The CO-OPN (Concurrent Object-Oriented Petri Nets) specification language is based on both algebraic specifications and algebraic Petri nets formalisms. The former formalism represent the data structures aspects, while the latter stands for the behavioral and concurrent aspects of systems. In order to deal with large specifications some structuring capabilities have been introduced. The object-oriented paradigm has been adopted, which means that a CO-OPN specification is a collection of objects which interact concurrently. Cooperation between the objects is achieved by means of a synchronization mechanism, i.e., each object event may request to be synchronized with some methods (parameterized events) of one or a group of partners by means of a synchronization expression.

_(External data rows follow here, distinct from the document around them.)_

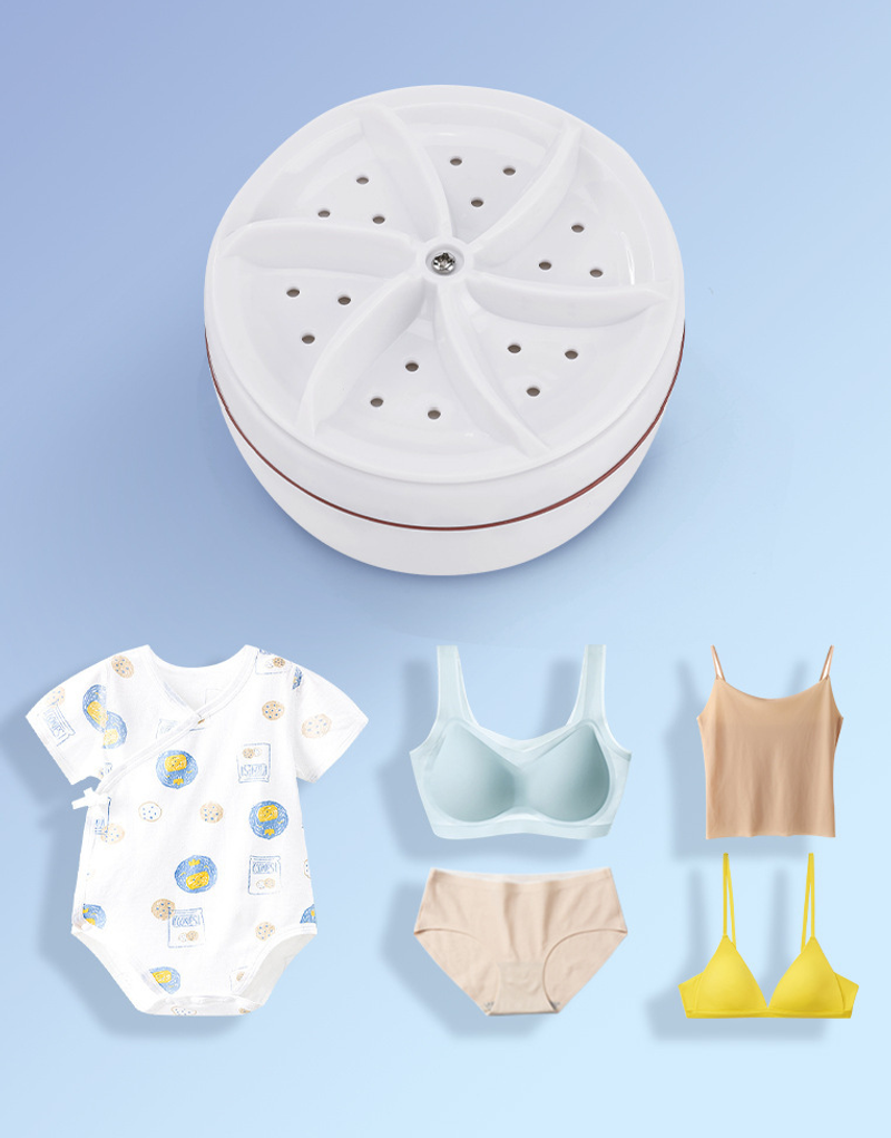 Our Mini Washing Machine is recharges via USB that features bubble spray, 2D flow, immersion cleaning, and ultrasonic waves.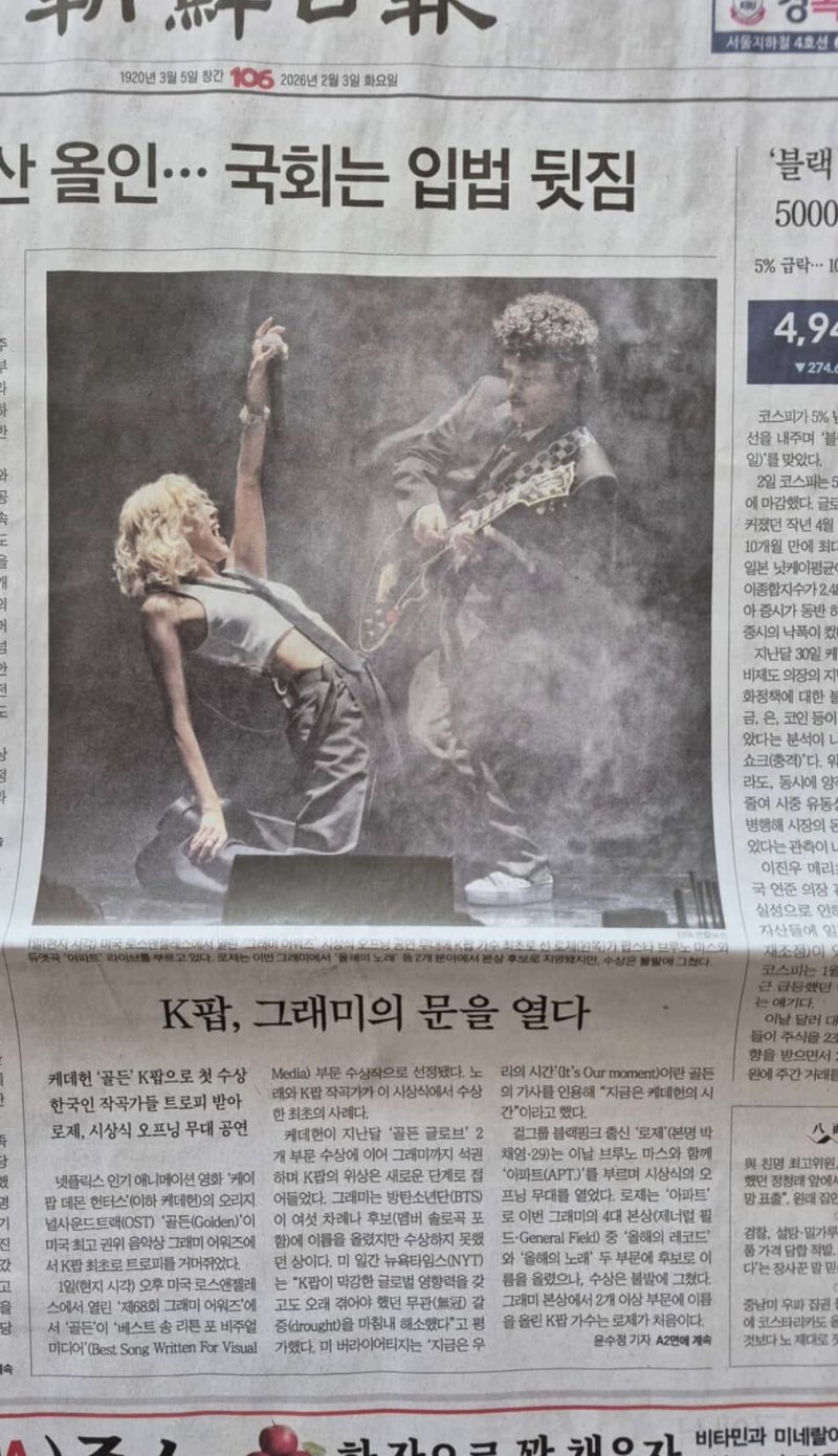 그는 5일 소셜미디어에 'K팝, 그래미의 문을 열다'라는 제목의 조선일보 기사 사진을 공유했다.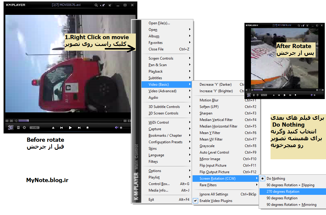 برخی مواقع پیش می آد که فیلمی رو که گرفتید (مخصوصا با موبایل)، فیلم 90 درجه چرخش نیاز داره تا خوب دیده بشه برای این منظور بهترن نرم افزار همون Kmplayer هست که هم هر نوع فایل تصویری رو نشون میده هم می تونید فیلم رو بچرخونید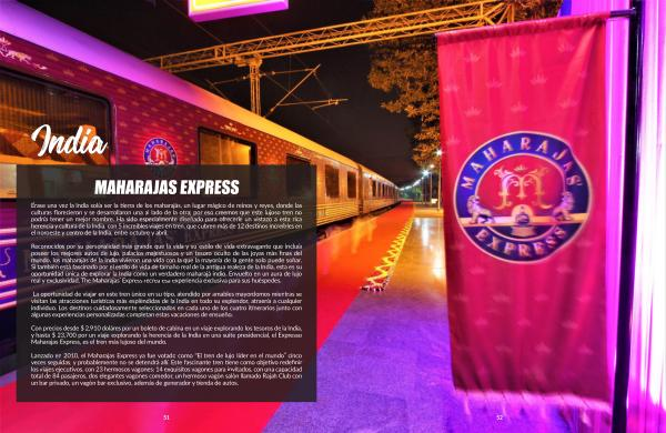 Lanzado en 2010 , el Maharajas Express ya fue votado como “ El tren de lujo líder en el mundo ” cinco veces seguidas , y probablemente no se detendrá allí . Este fascinante tren tiene como objetivo redefinir los viajes ejecutivos , con 23 hermosos vagones : 14 exquisitos vagones para invitados , con una capacidad total de 84 pasajeros , dos elegantes vagones comedor , un hermoso vagón salón llamado Rajah Club con un bar privado , un vagón bar exclusivo , además de generador y tienda de autos .

A CO-OPN specification consists of a collection of two different modules: the abstract data type modules and the object modules. The abstract data type modules concern the data structure component of the specifications, and many sorted algebraic specifications are used when describing these modules. Furthermore, the object modules represent the concept of encapsulated entities that possess an internal state and provide the exterior with various services. For this second sort of modules, an algebraic net formalism has been adopted. Algebraic Petri nets, a kind of high level nets, are a great improvement over the Petri nets, i.e. Petri nets tokens are replaced with data structures which are described by means of algebraic abstract data types. For managing visibility, both abstract data type modules and object modules are composed of an interface (which allows some operations to be visible from the outside) and a body (which mainly encapsulates the operations properties and some operation which are used for building the model). In the case of the objects modules, the state
and the behavior of the objects remain concealed within the body section.

To develop models using the CO-OPN language it is possible to use the COOPNBuilder framework that is an environment composed of a set of tools destinated to the support of concurrent software development based on the CO-OPN language.